I considered this a better option than the hefty ABV of an IPA. He turned around yet again.
“If you like stouts, they have a really good one here,” he said.
Apparently everything here is good. That’s a great sign.
“Maybe that’s the move,” I told him.
After a couple moments consideration, he turned again.
“I don’t know, man,” he started. “That stout is really good, but it’s also on nitro and if you like nitro beers, that’s the one to get.”
Ultimately, I decided on the nitro 2 a.m. Bike Ride, a stout with vanilla and coffee. At 4.6%, this beer was delicious: easy-drinking, soft notes of chocolate, chewy mouthfeel. Proof you don’t need a high ABV to make a wonderful stout.
The highlight of my last day in San Diego was a visit to the Knotty Barrel downtown. Knotty Barrel bills itself as a “laid back gastro-pub” with over 100 beers on tap and locally-sourced food.

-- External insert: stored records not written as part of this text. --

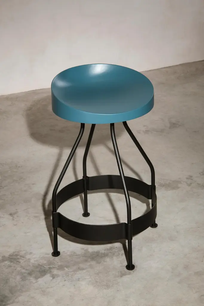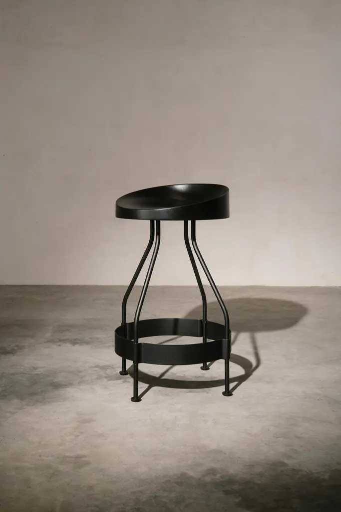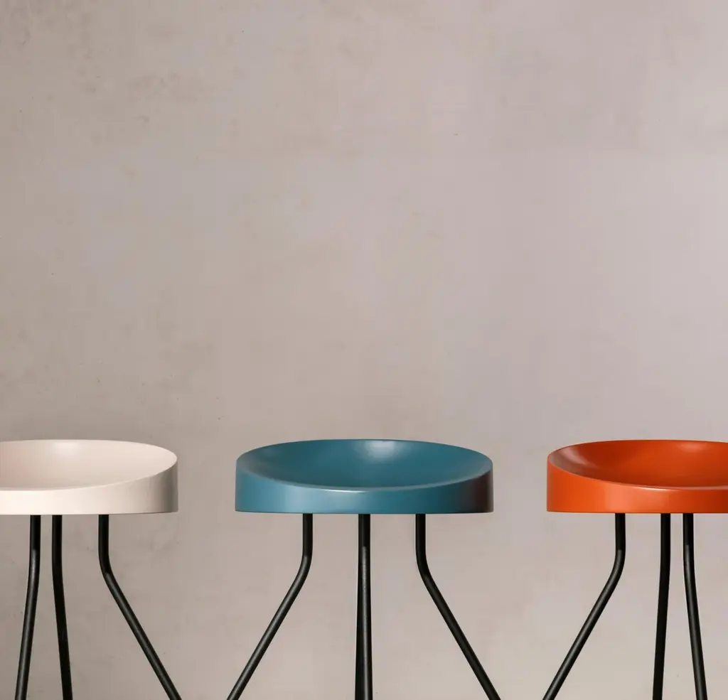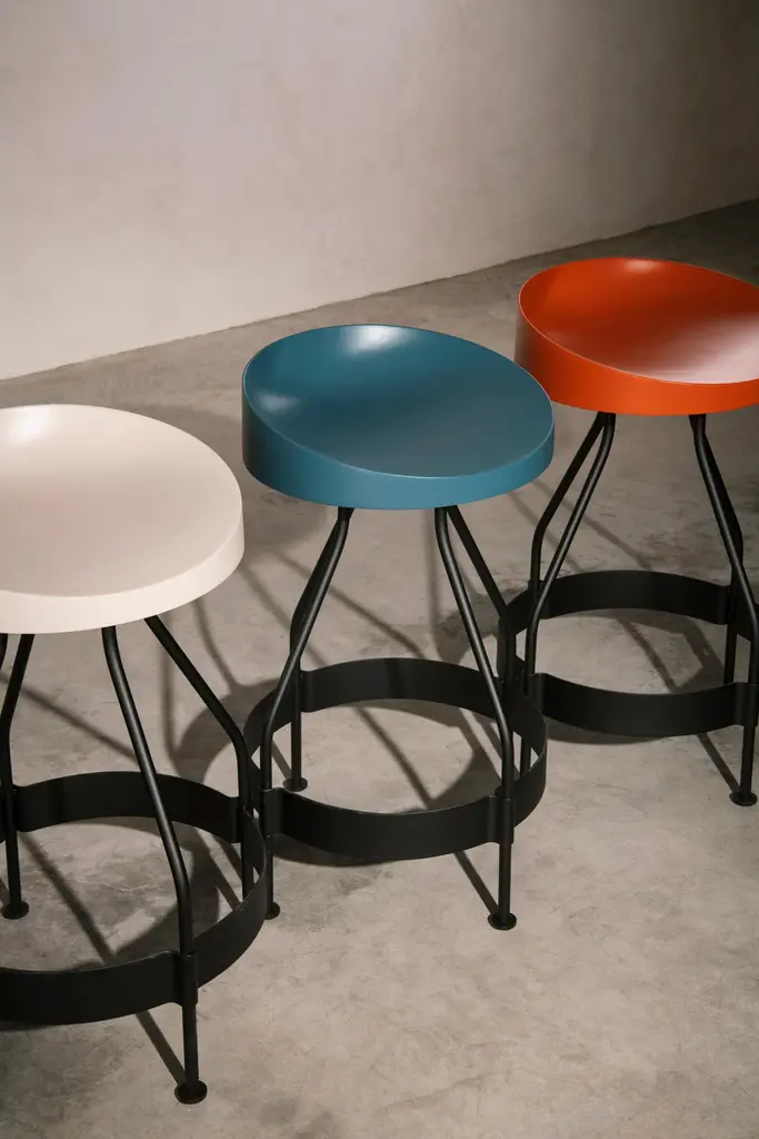 In door or outdoor. Swivel or not.Olindias is a bar stool able to easily adapt to a variety of environments.With a bold design that recalls the shape of a jellyfish, characterised by curved lines and a contemporary elegance, Olindias renews the archetype of the bar stool adding a strong personality to a classic piece. A minimalist structure composed by tubular legs in metal converges to the top to support the seat. Dimensions:L 48,2cm x 48,2cm x H 73,1cmMaterials: metal, polyurethaneColours: Glossy black, glossy coral, glossy duck blue, glossy warm grey.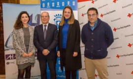 La concejala de Políticas Sociales e Igualdad del Ayuntamiento de Huelva, María José Pulido, acompañada de la directora gerente de Aguas de Huelva, Isabel Butrón, el presidente de Cruz Roja Huelva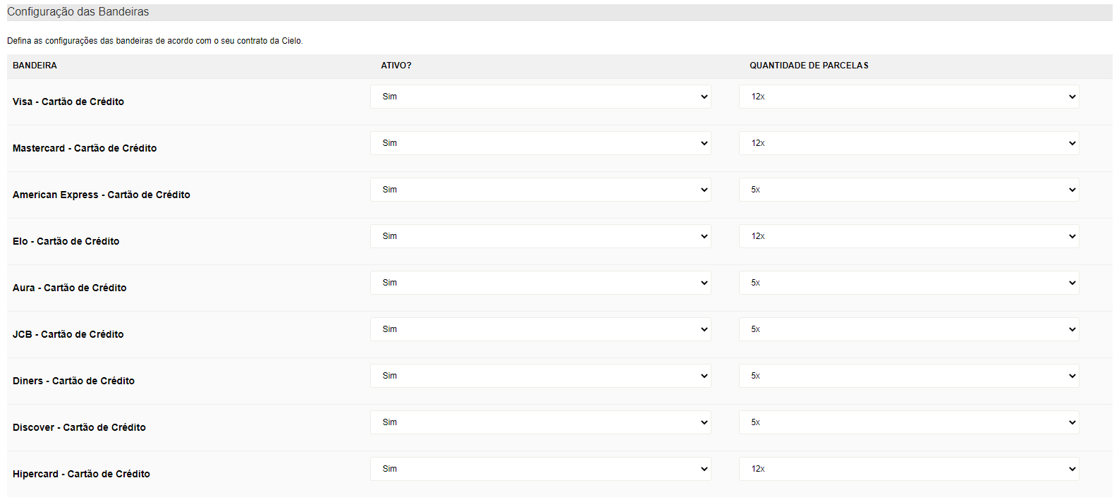 - Em "Configuração das Bandeiras" você deve definir as configurações das bandeiras de acordo com o seu contrato da Cielo, ou seja quais bandeiras vai aceitar e em quantas parcelas será possível realizar a compra.

I’m there to drink Green Flash beer and pair it with smoked meats at the 9th Annual Green Flash Smokeout. Inside, there’s a group of New York Giants fans enduring their team getting thrashed. Outside on the patio, Green Flash and their acquired Alpine Brewing Co. beers occupy every tap. There’s a man continually shucking oysters. Someone is manning the smoker, which, essentially means he’s standing in front of a grill with a beer, checking the progress of the meat every so often.
It’s a city known for hops, but the beer that piqued my interest most was Divine Sauvage, a Belgian Tripel aged in red wine barrels. It’s also brewed with brettanomyces, so the end result is a funky beer with a bit of spice. The red wine added a bit of tannic aftertaste. My second beer was Alpine’s American IPA Windows Up. We see a bit of Alpine distribution out east, but, to reiterate, it’s a different experience at the source.
Is San Diego America’s best beer city? I don’t know.
There are reasons to come and drink Stone, AleSmith, and Lost Abbey at the source. It is a more pleasurable drinking experience. To drink beers from Bagby, Second Chance, and Fall, there’s only one way to do it: Go to San Diego. In the end, it is difficult to give the distinction of best beer city to anyone. In San Diego, there are so many reasons to visit: Fish tacos paired with textbook beautiful weather and picture-perfect scenery, to start.. It seems almost unfair that their beer is also in discussions for yet another accolade. With that said, maybe it’s best we throw away this debate for the rest of time. There’s no best. We’ve got it so good in America, beer-wise. San Diego is no different. Sit by the beach, have a fish taco, have a beer, and just enjoy the view.
Editor’s note: Matt Osgood was part of a press junket to cover San Diego Beer Week. Travel accommodations were provided by the San Diego Board of Tourism.